Great leaders understand that the only way to manage our egos, is to first respect it. Rather than try to fight a tug-of-war emotional battle between reason and emotion, its best to first to try and develop and understanding of who we actually are. This allows us to create change gradually but permanently, rather than simply using will power to try and overcome our gut instincts for each separate situation.
Great leaders respect who they are.
They don’t compare with others
As innately creatures that thrive in communities, most of us crave social acceptance.
In fact, most of the reason why our egos exist in the first place is to either please others or to prevent being criticised from other people.
It’s why we buy big houses to “keep up with the Jones”. Or don’t ask that girl out that we fancied in case we end up “looking stupid”. Or are afraid of making cold calls for fear of rejection.
And the more we surround ourselves with social standards, the harder life can become. Everything can become about winning – earning the most money, getting the most career advancement and off course getting the most likes on our Instagram page.
Great leaders understand that big egos and big expectations are closely linked. Sure, using others as benchmarks or even inspiration to push yourself is always a good thing, but simply comparing oneself with others – often for things that we don’t really care about is the most surefire way to heavy stress. It can create unnecessary pride, greed and even jealousy. All ingredients of an ego that can take over and seem to have a life of its very own.

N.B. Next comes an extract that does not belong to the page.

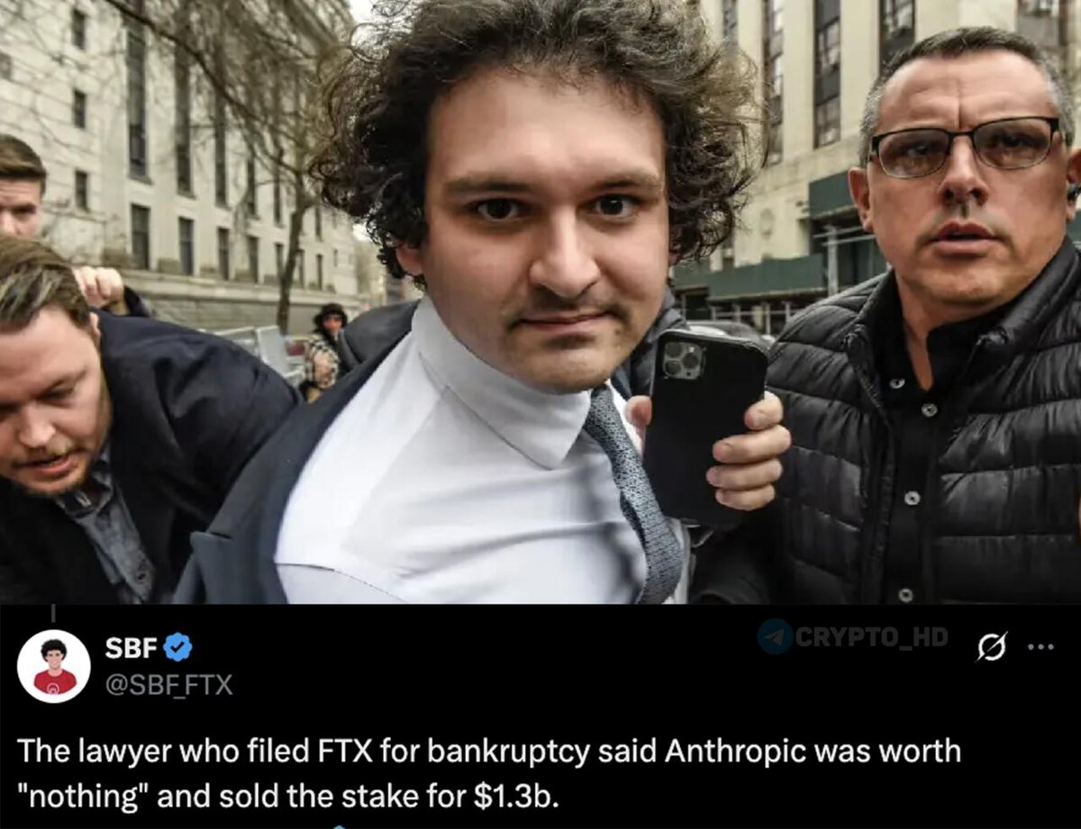 😐 Биржа FTX в 2024 году в рамках процедуры банкротства реализовала 8% акций Anthropic за $1,3b. Сегодня эта доля стоила бы > $30b. Сэм Бэнкман-Фрид: Юрист при продаже заявил, что Anthropic «ничего не стоит». Ранее: - ходатайство о пересмотре дела - FTX не была банкротом - «тюремные записки» Crypto Headlines

Rather than compare ourselves with anyone about anything, its more important to decide what’s most important to us and just focus on getting there.
Great leaders focus on what’s important to them.
They live life outside themselves
But perhaps the most important tool in controlling our personal egos is something that actually doesn’t involve any self-reflection or change in behaviour at all.
Something that is easy to do:
To help other people.
In the fast paced and ever connected world we live in today, everything has become about us. Personal achievement. We’re all constantly online, can constantly see what others are doing and are continuously check our page views, twitter followers and even bank accounts to see how we are progressing.
Its almost like we know exactly what our “score” is and life is about just trying to get it better.
Great leaders understand that the best way to control our ego and keep perspective is to remember that the world does not revolve purely around us. By going out of our way to help other people, we break the continuous pressure we create on ourselves and realise that everyone in the world has hopes and desires – not just us. It allows us to move away from self-importance to finding a genuine purpose. To create achievement based on passion and service rather than just hitting a target for personal reasons.
Living life beyond ourselves creates more adventure, purpose and fulfilment.
And besides, its much more fun too.
Great leaders have fun.
A huge ego can create huge achievement.
But it can result in huge destruction too.
Hence controlling it properly is a skill well worth mastering.
Great leaders understand that whilst difficult to do so, understanding and controlling our ego’s is a personal challenge that is critical to success and that can only be done by individuals themselves.
Its the only way to build respect and trust with others.
How does your leader control his ego?